A multi-income journey into the emerging high-yield potential
Income investors like us have stayed the course as we ride through the four seasons. Where do we see income opportunities?
The internet is full of viral videos showing novelty shortcuts for increasing productivity. There are so-called ‘life hacks’ for everything from household chores to academia.
What about life hacks for retirement planning? These are commonly overlooked, but they may be the most critical for your future.
The best way to get started is to focus on what you can control – how much you save and how you invest.
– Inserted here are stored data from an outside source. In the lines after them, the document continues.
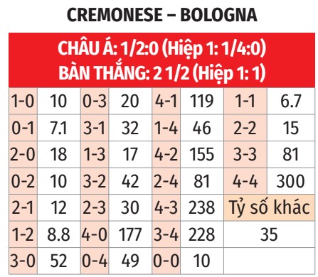 - Hiệp 1 hòa 0-0: 6/8 trận gần đây của Bologna hòa 0-0 trong 45 phút đầu. Biến cố tương tự cũng xảy ra ở 4/6 trận gần nhất của Cremonese tại Serie A. Nếu 45 phút đầu hòa 0-0 thì cũng đồng nghĩa với việc ít bàn hiệp 1.
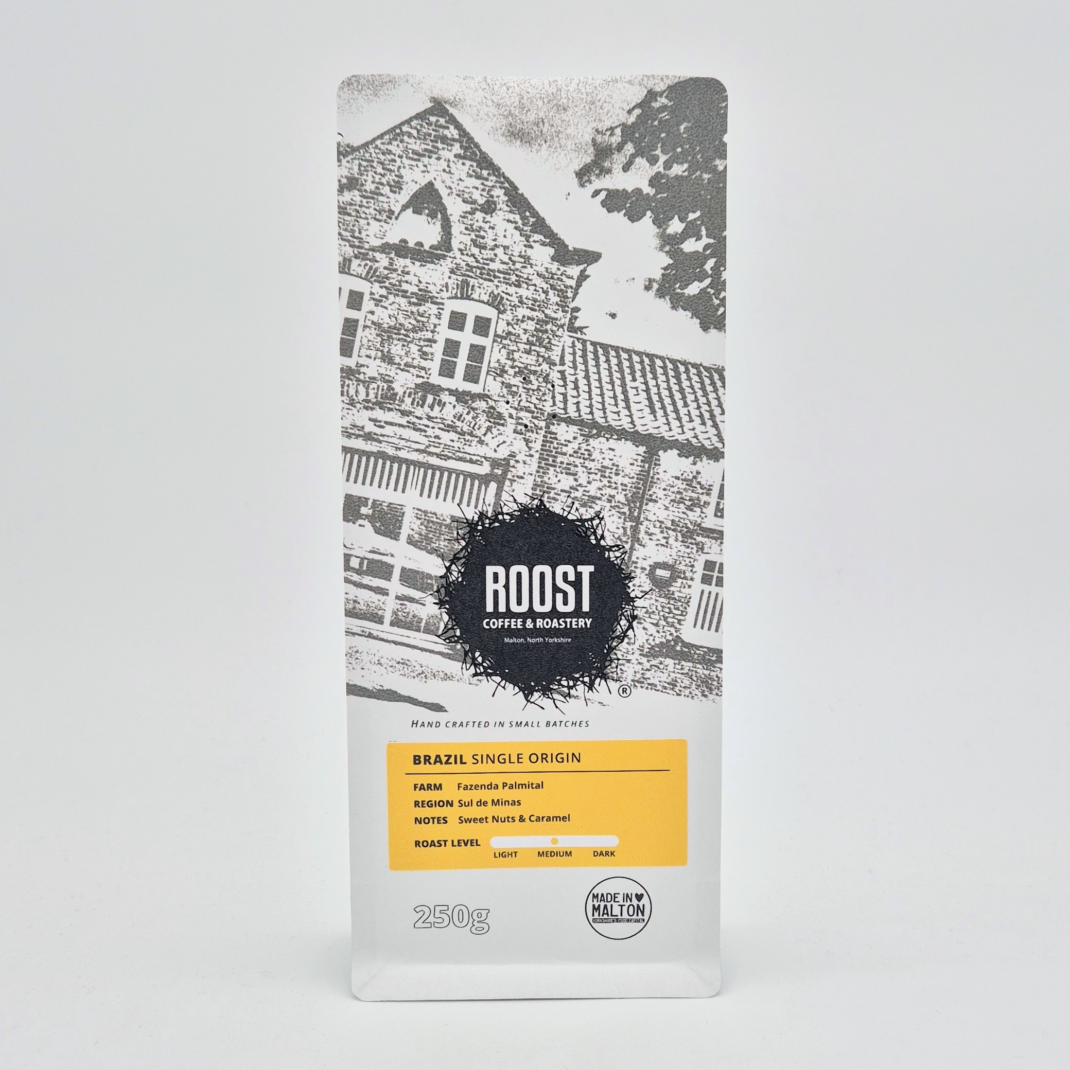 Medium roast. Medium smooth body with a sweet kick.
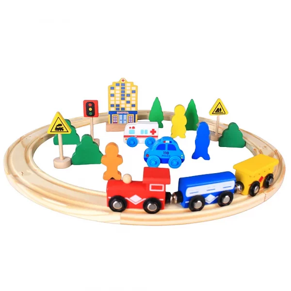 Детски дървен влак с път и ЖП гара (48 части) – Код W5201
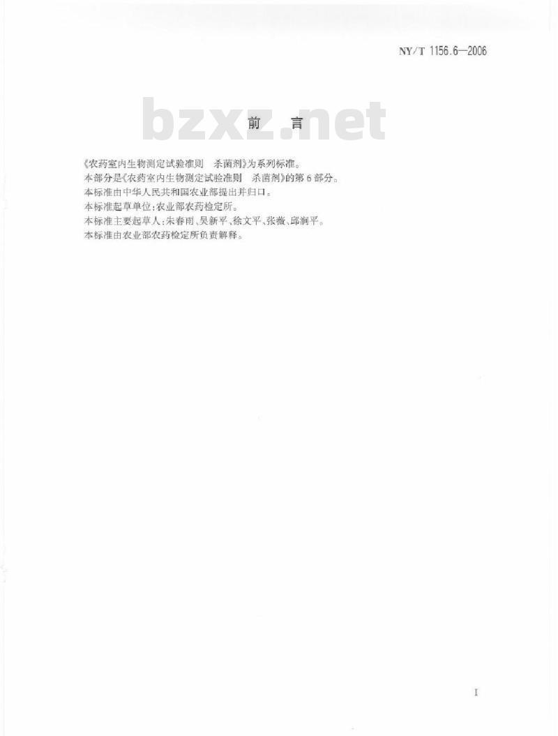 《农药室内生物测定试验准则杀菌剂》为系列标准。本部分是《农药室内生物测定试验准则杀菌剂》的第6部分。本标准由中华人民共和国农业部提出并归口。本标准起草单位:农业部农药检定所。本标准主要起草人:朱春雨、吴新平、徐文平、张薇、邱涧平。本标准由农业部农药检定所负责解释。NY/T1156.6—2006
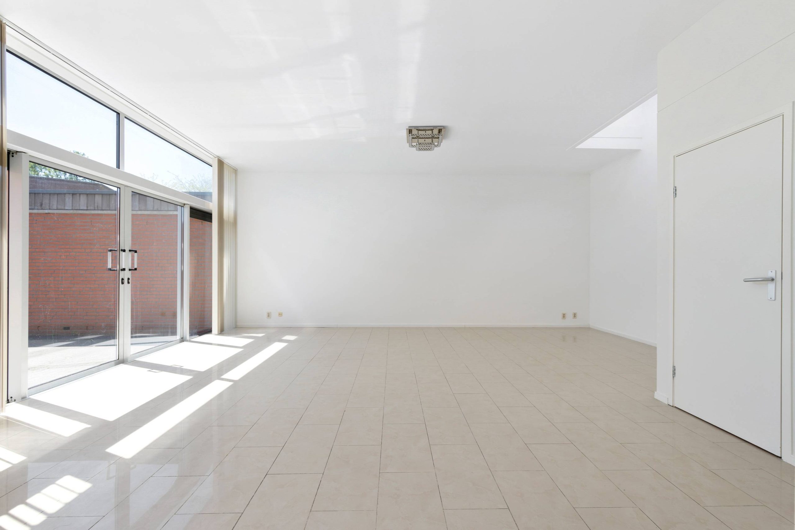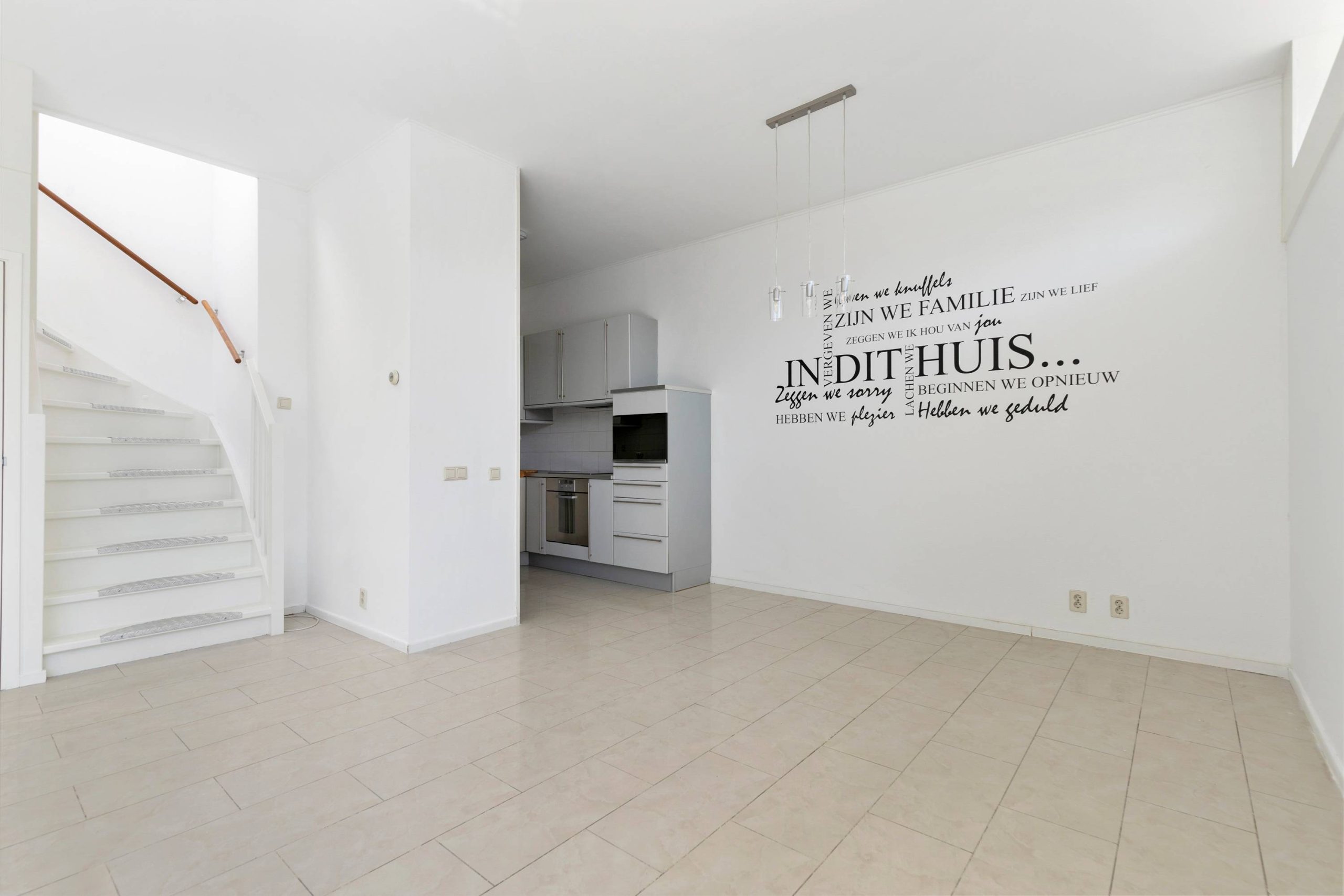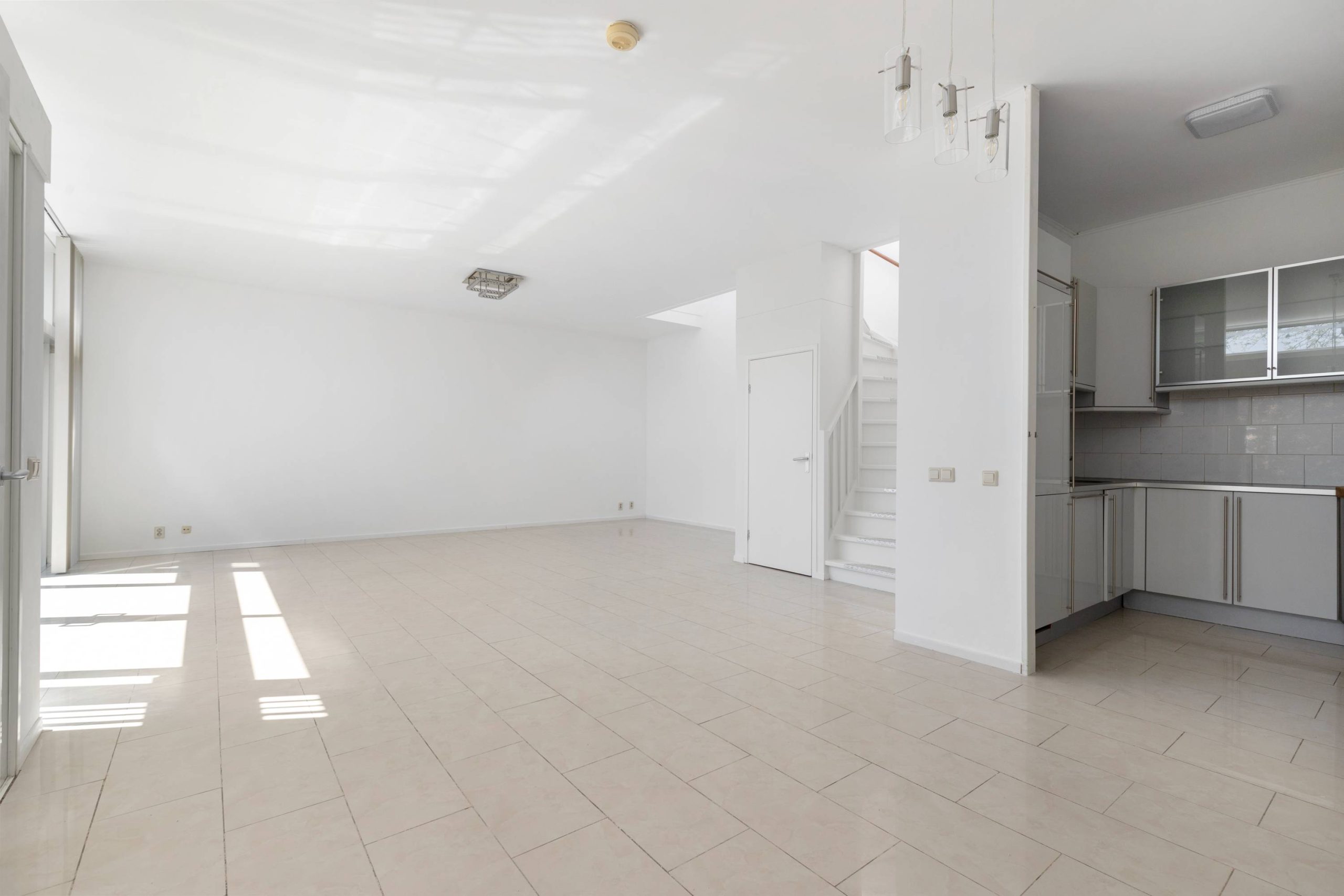 Via de entree bereikt u de ruime en lichte woonkamer met hoge plafonds en grote raampartijen, wat zorgt voor een aangename hoeveelheid daglicht. De moderne halfopen keuken is volledig uitgerust met inbouwapparatuur en vormt een prettig geheel met de leefruimte.

Hong Kong households tend to be good savers, however, their good savings behaviours are handicapped by the fact that a large portion of savings are in cash3, an asset class that has delivered negative real returns against Hong Kong’s Consumer Price Index over the past 15 years4. This could curb investors' chances of accumulating sufficient wealth to achieve their retirement goals, especially young investors with a long runway before retirement who can and should use time to their advantage to improve their savings growth potential.
To help Hong Kong residents better prepare for retirement, the government introduced the Mandatory Provident Fund (MPF) scheme in 2000 which mandates employers and employees to each contribute 5% of the employee’s income to the scheme. However, the total is capped at HK$3,000 per month, which may not allow individuals to build a big enough retirement nest egg.
According to our June 2018 survey on investor retirement sentiment5, Hong Kong investors estimate they will need HK$4.1 million by the time they retire to maintain the same lifestyle after they stop working. However, they feel that they are only able to achieve HK$3.4 million by the time they retire - a shortfall of 17%.
Last year, the Hong Kong government launched a HKMC Annuity Plan for retired people in the city. Residents aged 65 years or above can apply for the plan by paying a single premium in exchange for guaranteed monthly annuity payments for life. Let’s say you are 65, you can pay a single premium of HK$1 million for monthly annuity payments of HK$5,300 to HK$5,800 for life6. These payouts alone very likely won’t be sufficient to maintain your lifestyle in retirement, let alone allow you to enjoy the retirement lifestyle you want. This public annuity payout and other insurance solutions may help provide you a floor – meaning a basic income in retirement to cover your basic spending needs.
To enrich your lifestyle and enjoy the retirement you want, you need to take control and put your savings to work by investing in growth assets in a diversified2 way and balancing current income with long-term growth.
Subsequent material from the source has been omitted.